YOUR OBJECTIVE
Beginning with the line that has "Koronavirüs nedeniyle hayatını" and ending with the line that has "Transparenti sa imenima", retype the entries below exactly, except for the pictures.

(Stored entries)
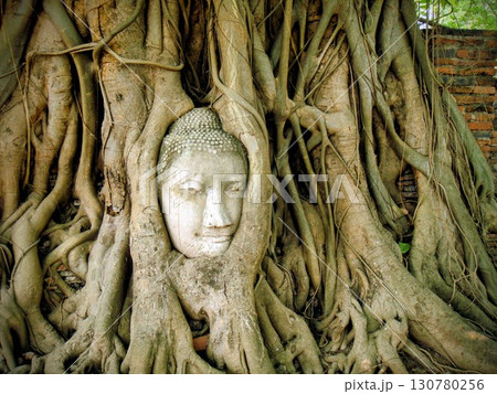 ワット・マハタートの木に覆われた仏像の頭
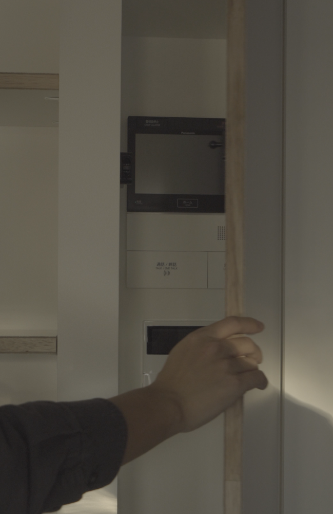 普段は扉を閉じておくことで、壁面はすっきりとした印象に。操作が必要なときだけ扉を押して開き、使い終えたら再び隠すというシンプルな動作で、生活感が表に出にくい空間をつくりました。
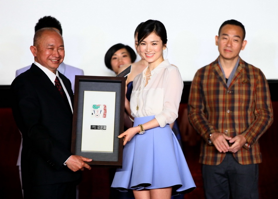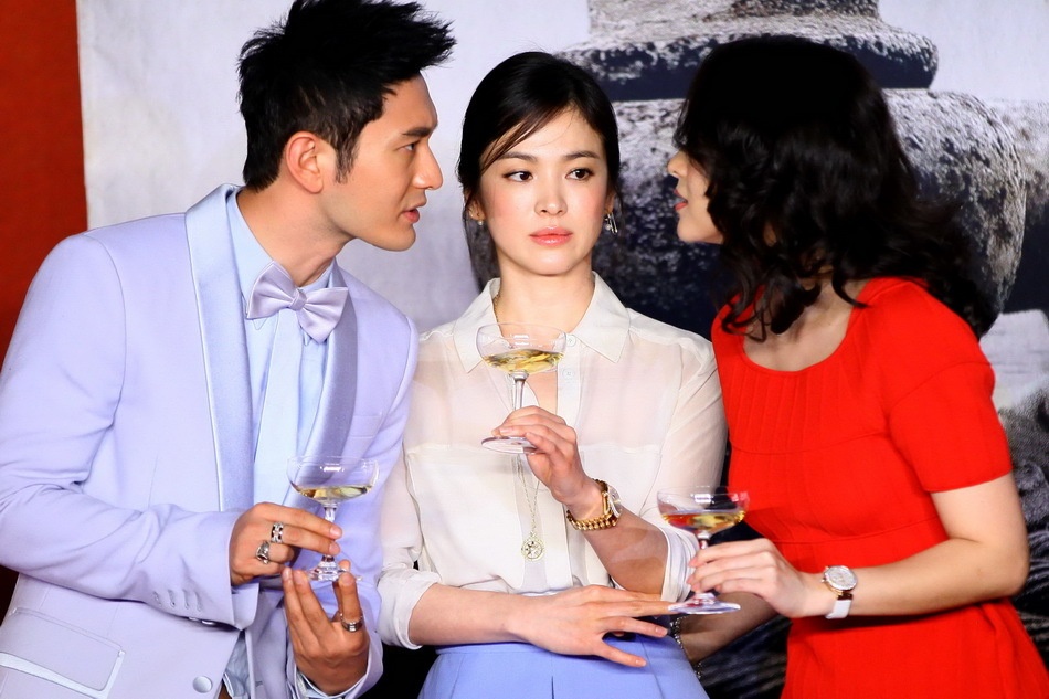 | Huỳnh Hiểu Minh, Song Hye Kyo và Chương Tử Di trò chuyện về những vui buồn trong suốt quá trình cùng hợp tác. |
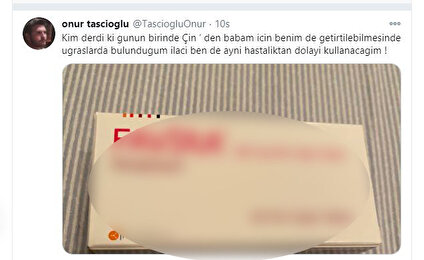 Koronavirüs nedeniyle hayatını kaybeden ilk sağlık çalışanı Prof. Dr. Cemil Taşçıoğlu'nun oğlu Onur Taşçıoğlu da koronavirüse yakalandı. Babasının iyileşmesi için yoğun uğraşlar sonucu Çin'den getirdikleri ilacı kendisi de kullanmaya başlayan Taşçıoğlu, ''Kim derdi ki günün birinde Çin'den babam için benim de getirtilebilmesinde uğraşlarda bulunduğum ilacı ben de aynı hastalıktan dolayı kullanacağım" ifadelerini kullandı.
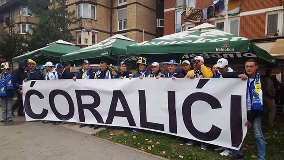 Transparenti sa imenima raznih gradova iz BiH i svijeta, a među njima i Ćoralići iz Cazina.
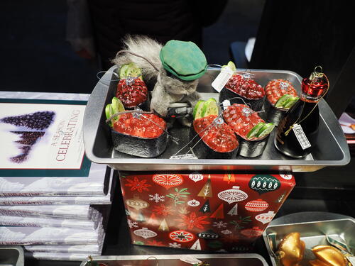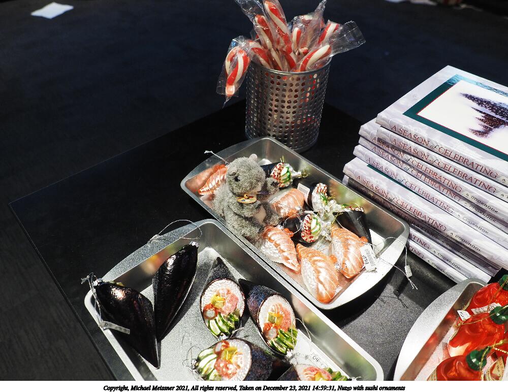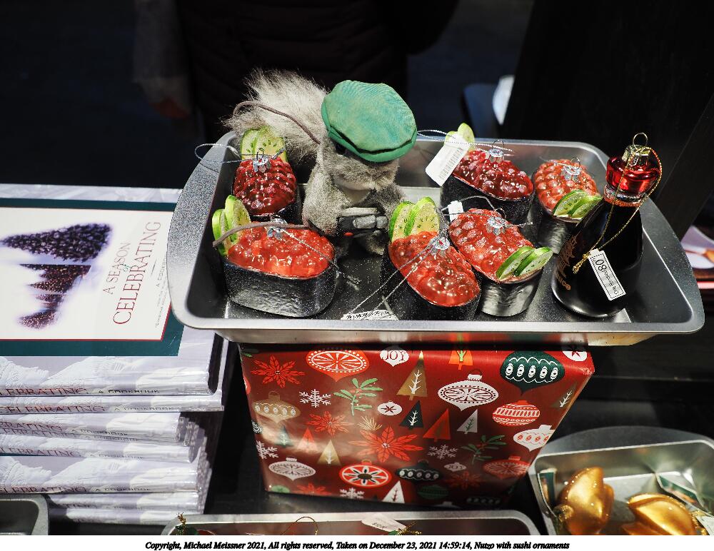 Picture #7: Nutzo with sushi ornaments #2 Thumb: 500x375, 64,386 bytes (63K) Small: 1000x772, 177,286 bytes (174K), (html file) Copyright, Michael Meissner 2021, All rights reserved Olympus E-M5-III camera with Olympus-m43 12-40mm f/2.8 lens f/2.8, ISO 500, 1/60 sec, 12.0mm, auto mode, vivid color, matrix metering, bias -0.3, IS Auto, noise reduction auto 35mm equivalent focal length 24.0mm Programs used: crop, raw therapee Taken by Michael Meissner on December 23, 2021 14:59:31 Last modified on January 21, 2022 at 01:03 |
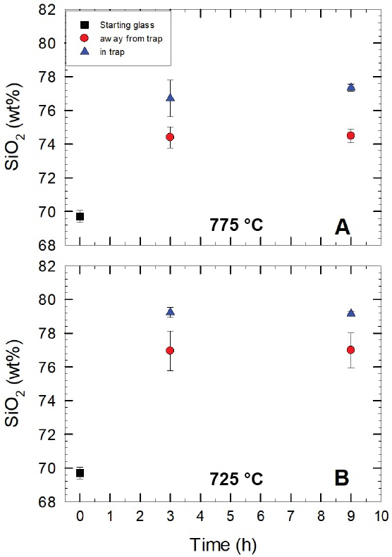 In the second-step experimental products, the compositions of glasses were investigated in two different domains: glasses away from the grain trap and glasses filling the space between the quartz trap. As mentioned above, dissolution of the quartz grains at the contact with trapped melts was expected. Figure 5 illustrates the enrichment of SiO2 in the glasses between the quartz grains of the traps of second-step experiments after 3 and 9 h at 775 and 725 °C. The analytical data are given in Table S4. The SiO2 content of glass faraway from the glass trap is identical within error to the initial SiO2 content (glass from first-step experiments). However, glasses within the trap are enriched by ∼2 wt % to 3 wt % in SiO2. This high SiO2 concentration of ∼78 wt %–79 wt % in the glasses within the quartz trap indicates that dissolution kinetics were fast enough to almost saturate melt pools with respect to quartz after 3 h.
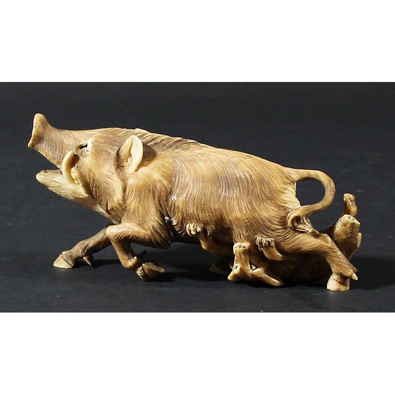 BONE CARVING OF A WILD BOAR AND DOG, 19th century, modelled running, the dog biting its hind leg, length 14cm
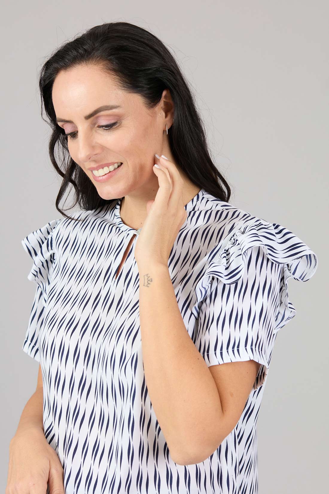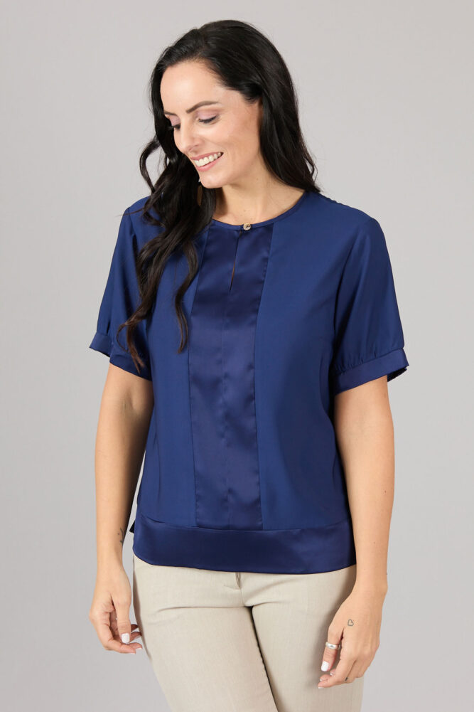 Blusón escote redondo con abertura delantera.
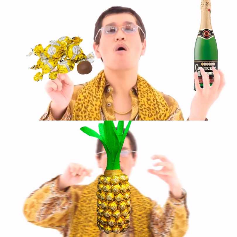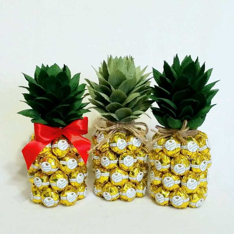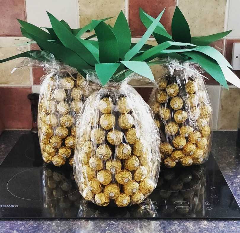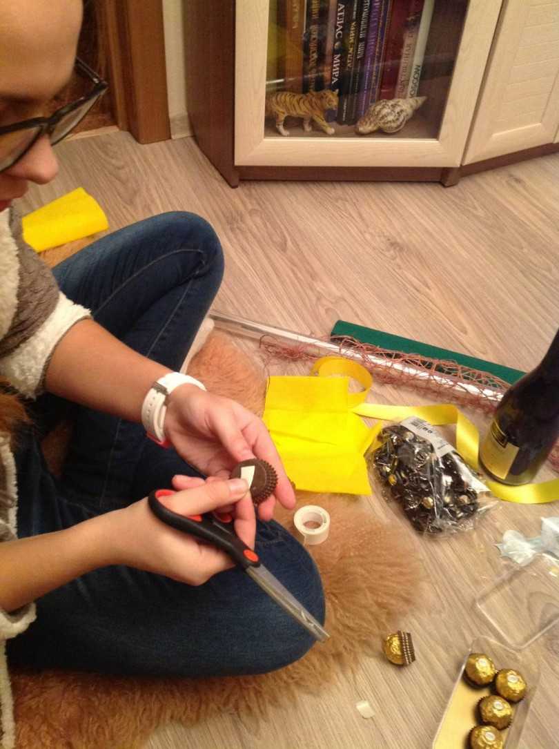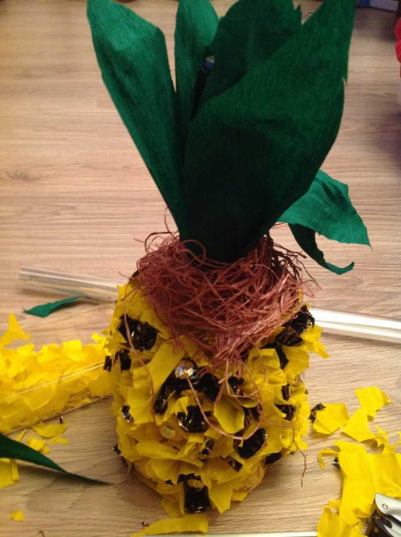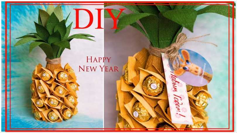 Придать шампанскому в виде ананаса из конфет завершенный облик поможет упаковка, которую также следует сделать своими руками.

COMPLETED EXERCISE
 Koronavirüs nedeniyle hayatını kaybeden ilk sağlık çalışanı Prof. Dr. Cemil Taşçıoğlu'nun oğlu Onur Taşçıoğlu da koronavirüse yakalandı. Babasının iyileşmesi için yoğun uğraşlar sonucu Çin'den getirdikleri ilacı kendisi de kullanmaya başlayan Taşçıoğlu, ''Kim derdi ki günün birinde Çin'den babam için benim de getirtilebilmesinde uğraşlarda bulunduğum ilacı ben de aynı hastalıktan dolayı kullanacağım" ifadelerini kullandı.
 Transparenti sa imenima raznih gradova iz BiH i svijeta, a među njima i Ćoralići iz Cazina.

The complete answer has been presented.